INSTRUCTIONS FOR THE TASK →
Return exactly, please, the lines from the one containing "Терраса, прилегающая к" to the last line of the entries below, and nothing else, leaving pictures out.

(Dataset items)
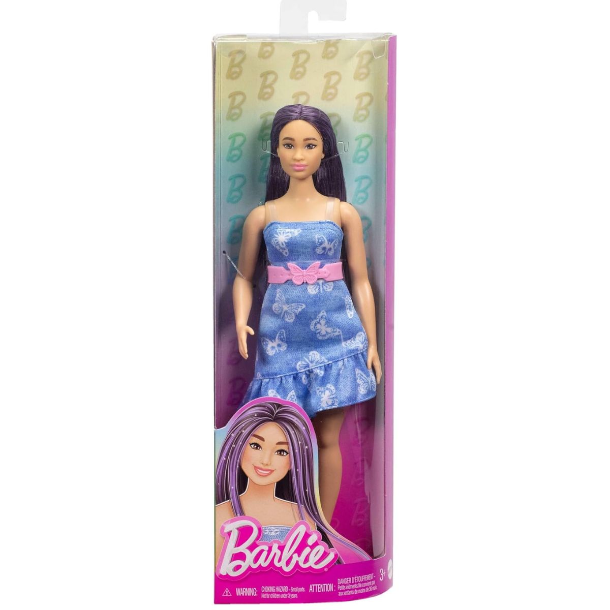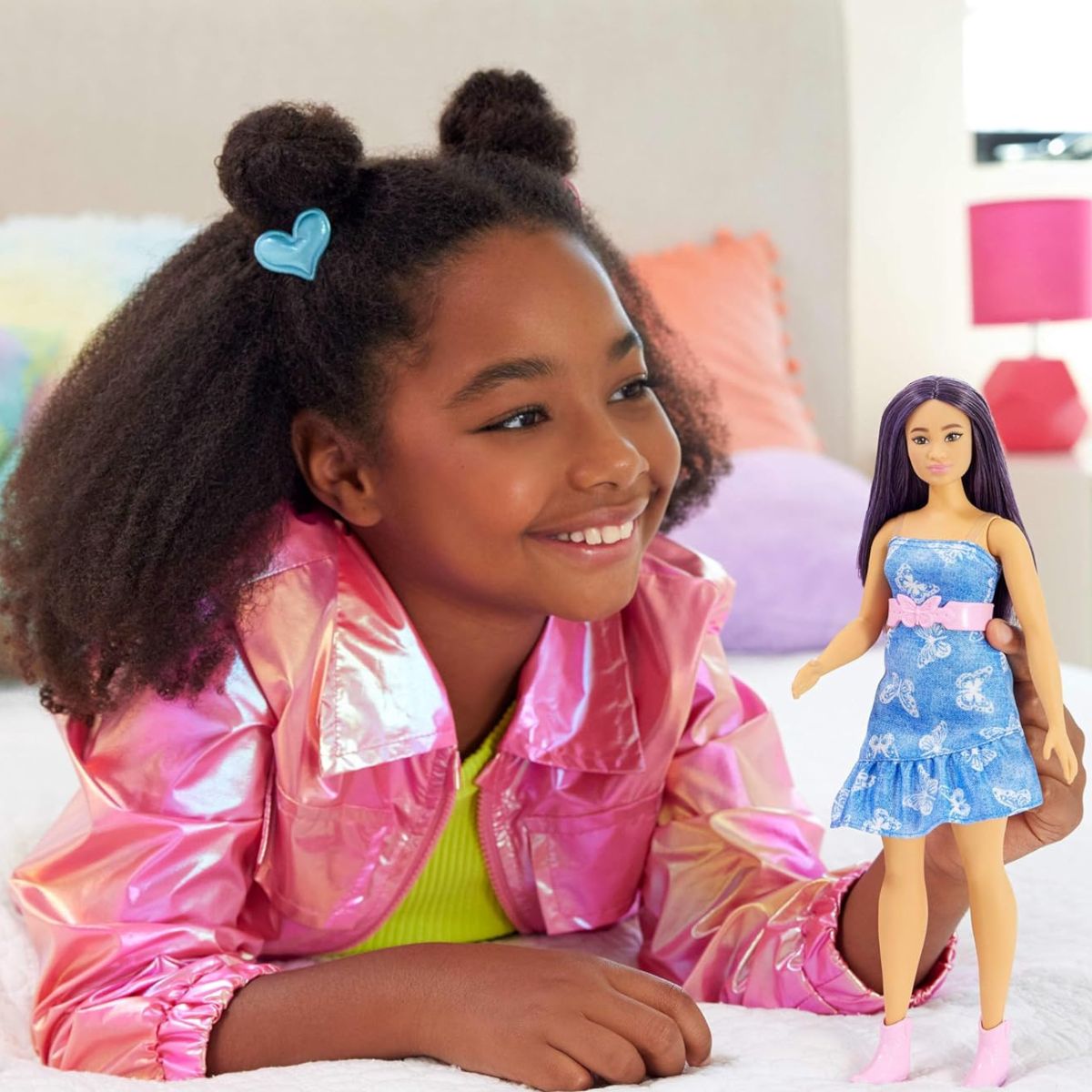 - This Barbie Fashionistas doll has a curvy figure and purple hair worn loose. She wears a strapless denim dress with a butterfly print, a pastel pink belt, and matching ankle boots for a fun, stylish look.
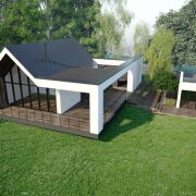 Терраса, прилегающая к дому в едином фасадном исполнении, составляет более 50 кв.м., что позволит собираться большим компаниям и отдыхать в окружении природы.
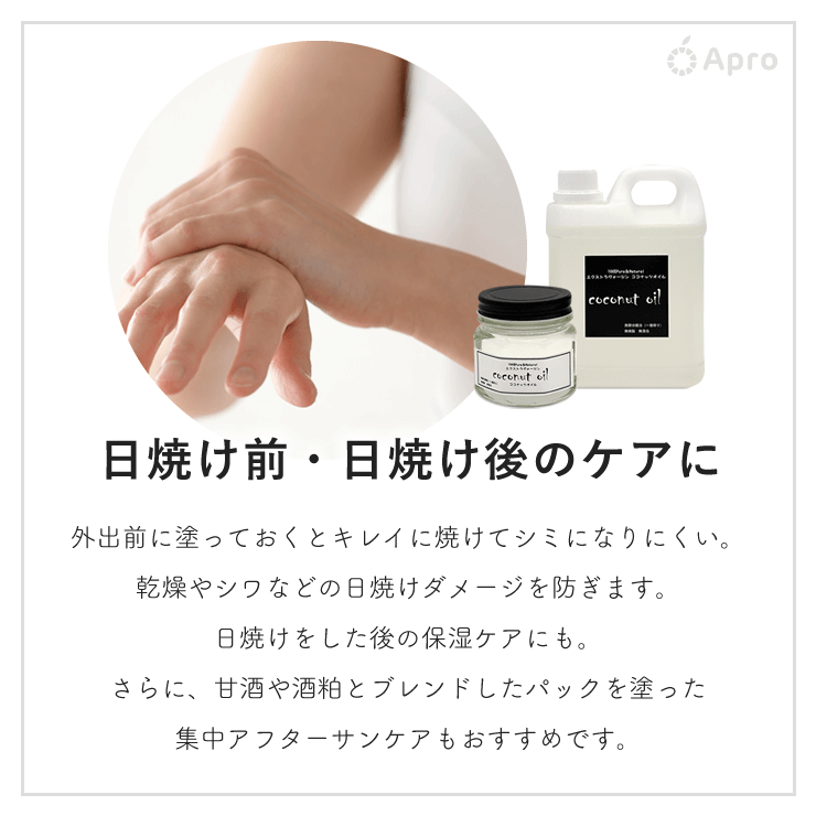 ココナッツオイルは他のオイルよりもサラリとして肌にぐんぐん浸透。分子が細かいのでブースターのようにも使えます。洗いたての肌に塗ると化粧水などのなじみがとてもよくなります。ドライヤー後、適量を毛先などに塗る。
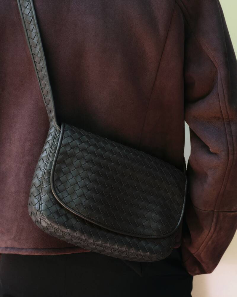 시그니처 놋 디테일과 길이 조절 및 탈착 가능한 크로스 스트랩을 갖춘 인트레치아토 가죽 소재의 메신저 백.
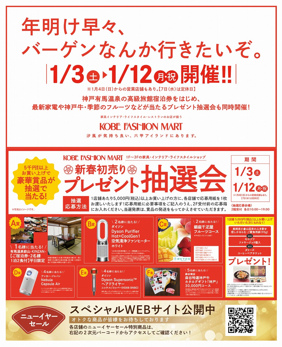 1店舗で5,000円(税込)以上お買い上げの方に、有馬温泉の高級旅館宿泊券や話題の家電商品など、豪華賞品が抽選で当たる「新春初売り プレゼント抽選会」も開催されますよ♪
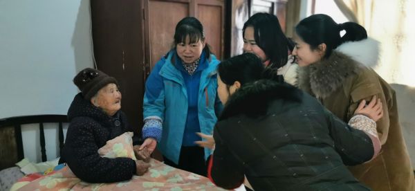 莲溪寺社区网格员与辖区“双进双服务”单位丁字桥幼儿园的党员代表们一起去看望涂家岭八村的百岁孤寡老人,为她送去了牛奶、米和油等慰问品。(雷娟娟)

WRITTEN SOLUTION →
 Терраса, прилегающая к дому в едином фасадном исполнении, составляет более 50 кв.м., что позволит собираться большим компаниям и отдыхать в окружении природы.
 ココナッツオイルは他のオイルよりもサラリとして肌にぐんぐん浸透。分子が細かいのでブースターのようにも使えます。洗いたての肌に塗ると化粧水などのなじみがとてもよくなります。ドライヤー後、適量を毛先などに塗る。
 시그니처 놋 디테일과 길이 조절 및 탈착 가능한 크로스 스트랩을 갖춘 인트레치아토 가죽 소재의 메신저 백.
 1店舗で5,000円(税込)以上お買い上げの方に、有馬温泉の高級旅館宿泊券や話題の家電商品など、豪華賞品が抽選で当たる「新春初売り プレゼント抽選会」も開催されますよ♪
 莲溪寺社区网格员与辖区“双进双服务”单位丁字桥幼儿园的党员代表们一起去看望涂家岭八村的百岁孤寡老人,为她送去了牛奶、米和油等慰问品。(雷娟娟)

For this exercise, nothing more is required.